Research Should Continue
Robert Vassar, PhD, of Northwestern University, Chicago, who was not a coauthor on the study, also expressed a desire for BACE inhibitor research to continue.
“It is my view that the cognitive worsening of atabecestat and the other BACE inhibitors was caused by overinhibition of the enzyme related to functions of certain BACE substrates in the brain,” Vassar commented. “A major question is whether a lower dose of BACE inhibitor – achieving about 30% inhibition – could be safe and lower amyloid-beta enough to delay onset in people still without symptoms. The good news of this study is that the atabecestat-related cognitive worsening is reversible, leaving open the possibility of low-dose prevention trials.”
Vassar noted that, with both doses of atabecestat, Sperling and colleagues did not see changes in neurofilament light or total tau, two biomarkers of neurodegeneration, but did report decreases in phosphorylated tau (p181 tau), a marker of disease progression, compared with placebo.
“This indicates that atabecestat did not cause neurodegeneration and in fact moved p181 tau in the beneficial direction for Alzheimer’s disease. Perhaps if it were not for the liver toxicity, the trial may have been completed and other Alzheimer’s disease biomarkers may have changed in the beneficial direction as well,” Vassar said.
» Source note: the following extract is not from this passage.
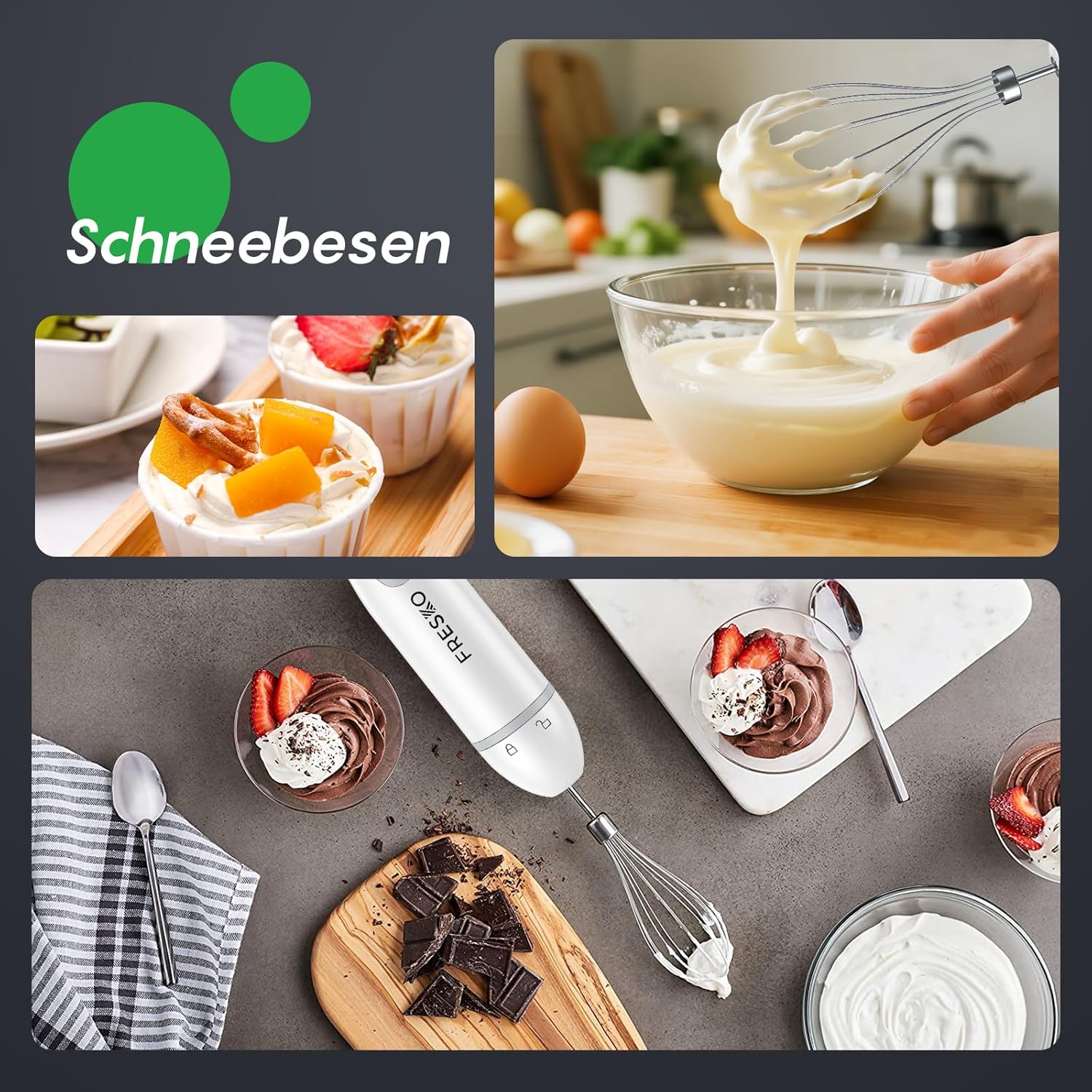 • Комплект миксер 4 в 1: оборудван с миксер, бъркалка, чопър и мерителна чаша. За смутита, пюрирани супи и натрошен сладолед, пригответе сметана и перфектно разбити яйца. Лесно нарязва ядки, месо и зеленчуци.

Sperling and colleagues’ study was sponsored by Janssen, the manufacturer of atabecestat. Sperling disclosed receiving research funding from Janssen and other drug makers, while nearly all the study’s coauthors reported being directly employed by the sponsor or receiving industry funding. Aisen disclosed personal fees from several manufacturers and past fees from the sponsor. Vassar disclosed consulting and other financial relationships with biotechnology companies that did not include this study’s sponsor.